A word of warning that the staffing in this example is reasonably different than table 3-22 in [5] where the average staff for a web based application of 1000 FP is 3.9 and schedule is 10 months in table 3-25. Initially I suspected this would primarily be due to the lower staff size required for web based applciations. However, table 3-30 in [5] lists productivity in web based applications to be 25.6 FP/month, almost double the productivity figure of 13.3 given above. If we use this higher productivity figure then the cost of a 1000 FP web based application is 1000 / 25.6 = 39.1 staff months. The full table of productivity for various application types of various sizes is given below.

Application Type	100	1K	10K	100K	Average
End-user	52.60	na	na	na	52.60
Web	47.30	25.60	12.00	na	28.30
MIS	21.00	16.40	4.65	2.70	11.19
U.S. outsource	23.00	17.20	4.90	3.20	12.08
Offshore outsource	19.00	15.80	4.70	3.00	10.63
Commercial	11.00	9.30	4.60	4.00	7.23
Systems	9.00	6.90	5.10	4.15	6.29
Military	5.60	4.80	3.80	2.10	4.08
Average	23.56	13.71	5.68	3.19	11.54

All estimation should be done using various techniques, ideally converging and reinforcing the appropriateness of each other, negating bias from any particular technique.

Conclusion

Despite producing fairly inaccurate results, early software sizing is possible and useful.

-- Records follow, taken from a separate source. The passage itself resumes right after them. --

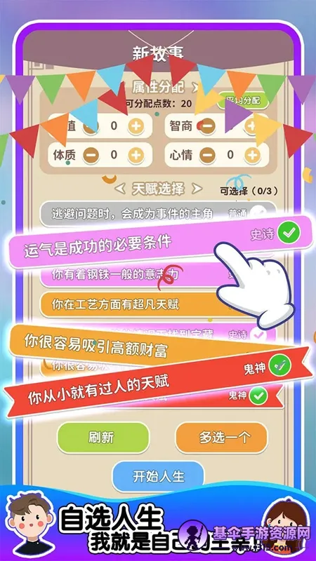 人生轨迹模拟器是一款超好玩的人生模拟游戏!从婴儿期开始,经历各阶段成长,体验别样人生。你能自由选家庭背景、职业、人际关系等。这里有实用攻略:开局属性分配很关键,建议颜值6点、智商4点、体质6点、家境4点,助你轻松活到100岁。生娃要瞅准时机,结合经济和身体状况。选职业得留意属性要求,像灵媒职业适合喜欢特殊体验的玩家。遇到卡顿,可点击成就剧情城镇系统继续。要是家庭成员啃老,安排去咖啡店打工改善。赚钱也有门道,选喜欢的家人,弄vip免视频讨好父母,选专业对口工作,相亲看准对方喜好送礼,四十岁后要一胎,独生子女可继承遗产,还能买房增值。总之,能让你体验多样人生,快来试试吧!
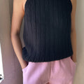 A fresh twist on the classic halter, the Claire Sweater Tank blends softness, structure, and simplicity in all the right ways. Designed with a flattering modern silhouette, it features wide ribbed knit texture, a high neckline, and the perfect length for tucking or leaving loose.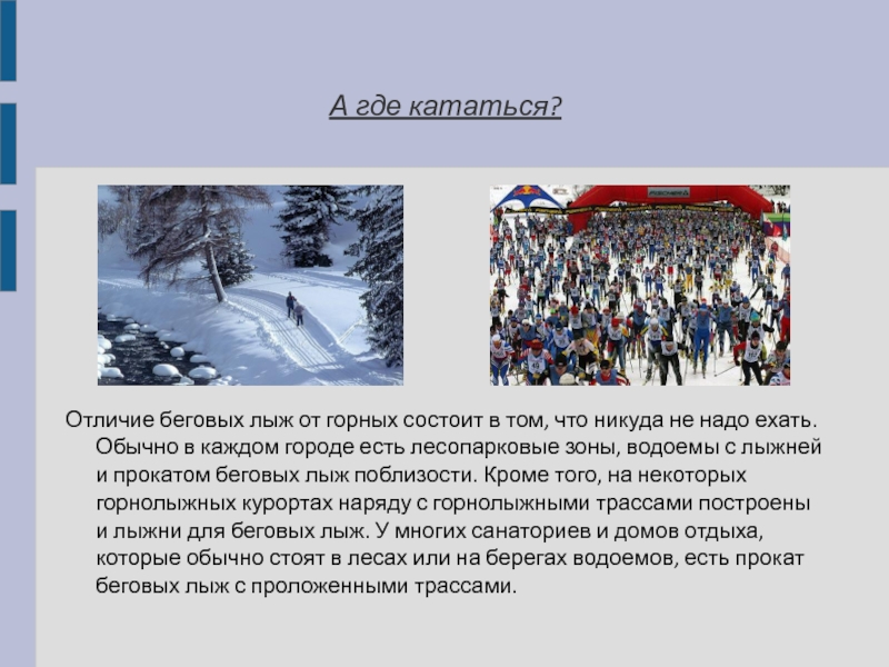 что никуда не надо ехать. Обычно в каждом городе есть лесопарковые зоны, водоемы с лыжней и прокатом беговых лыж поблизости. Кроме того, на некоторых горнолыжных курортах наряду с горнолыжными трассами построены и лыжни для беговых лыж. У многих санаториев и домов отдыха, которые обычно стоят в лесах или на берегах водоемов, есть прокат беговых лыж с проложенными трассами.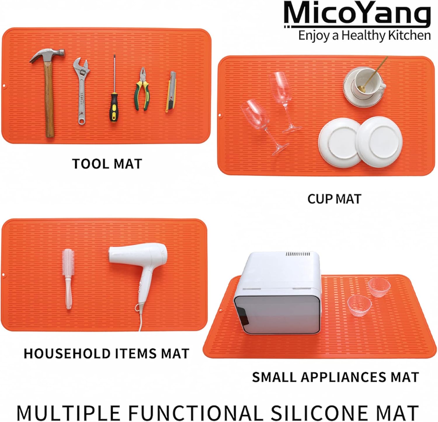 Silicone Dish Drying Mat for Multiple Usage,Easy clean,Eco-friendly,Heat-resistant Silicone Mat for Kitchen Counter or Sink,Refrigerator or Drawer Liner Orange 4XL 32 inches x 18 inches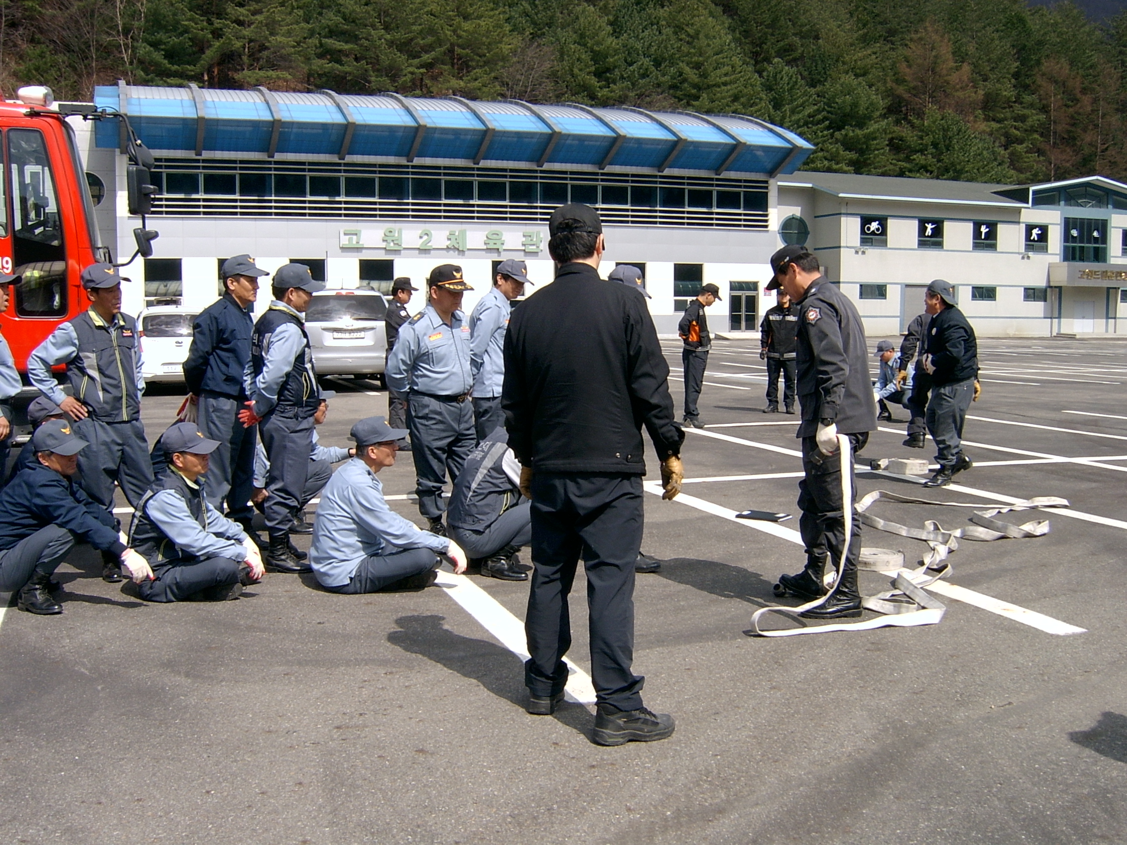 2012, 4월 18일 태백종합경기주차장의 넓은 공터에서 실전을 방불케하는 남성의용소방대전원이 참석한가운데 4월 정기교육이 있었습니다 .

This is a nice supplement to formal estimation models and expert opinion for software estimates early in the lifecycle.

Bibliography

[1] Jones, Estimating Software Costs: Bringing Realism to Estimating, 2007.
[2] QSM Function Point Languages Table, http://www.qsm.com/resources/function-point-languages-table.
[3] Mayes Consulting Function Point Conversion, http://softwareestimator.com/IndustryData2.htm.
[4] Jones, Software Engineering Best Practices, 2010.
[5] Jones, Applied Software Measurement: Global Analysis of Productivity and Quality, 2008.
[6] Infosys, Practical Software Estimation.
[7] Molokken, A Review of Surveys on Software Effort Estimation.
[8] The Data & Analysis Center for Software (DACS), Fast Function Points Overview.
[9] McConnell, Software Estimation: Demystifying the Black Art, 2006.